→ **DATA SHOWN**:
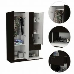 FM Furniture Habana Armoire, Two Cabinets, One Drawer, One Hidden Drawer Shoes Storage & Organization Black-white
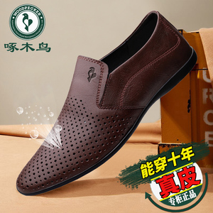 啄木鸟正品皮鞋男真皮软底软面镂空洞洞鞋休闲一脚蹬中年工作鞋男
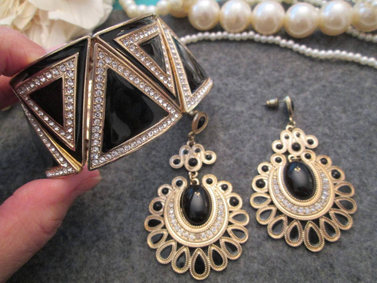 Bracelet & Earrings Set>Onyx Bracelet, Onyx Earrings, Black Jewelry, Onyx Gold Jewelry Set, Gift For Her, Stretch Bracelet, Fun Set

→ **WHAT THE TASK REQUIRES**:
Reproduce the final stretch of lines exactly: the line containing "啄木鸟正品皮鞋男真皮软底软面镂空洞洞鞋休闲一脚蹬中年工作鞋男" through the last line of the data, both included. Pictures do not belong in the copy.

→ **EXERCISE ANSWER**:
 啄木鸟正品皮鞋男真皮软底软面镂空洞洞鞋休闲一脚蹬中年工作鞋男
 Bracelet & Earrings Set>Onyx Bracelet, Onyx Earrings, Black Jewelry, Onyx Gold Jewelry Set, Gift For Her, Stretch Bracelet, Fun Set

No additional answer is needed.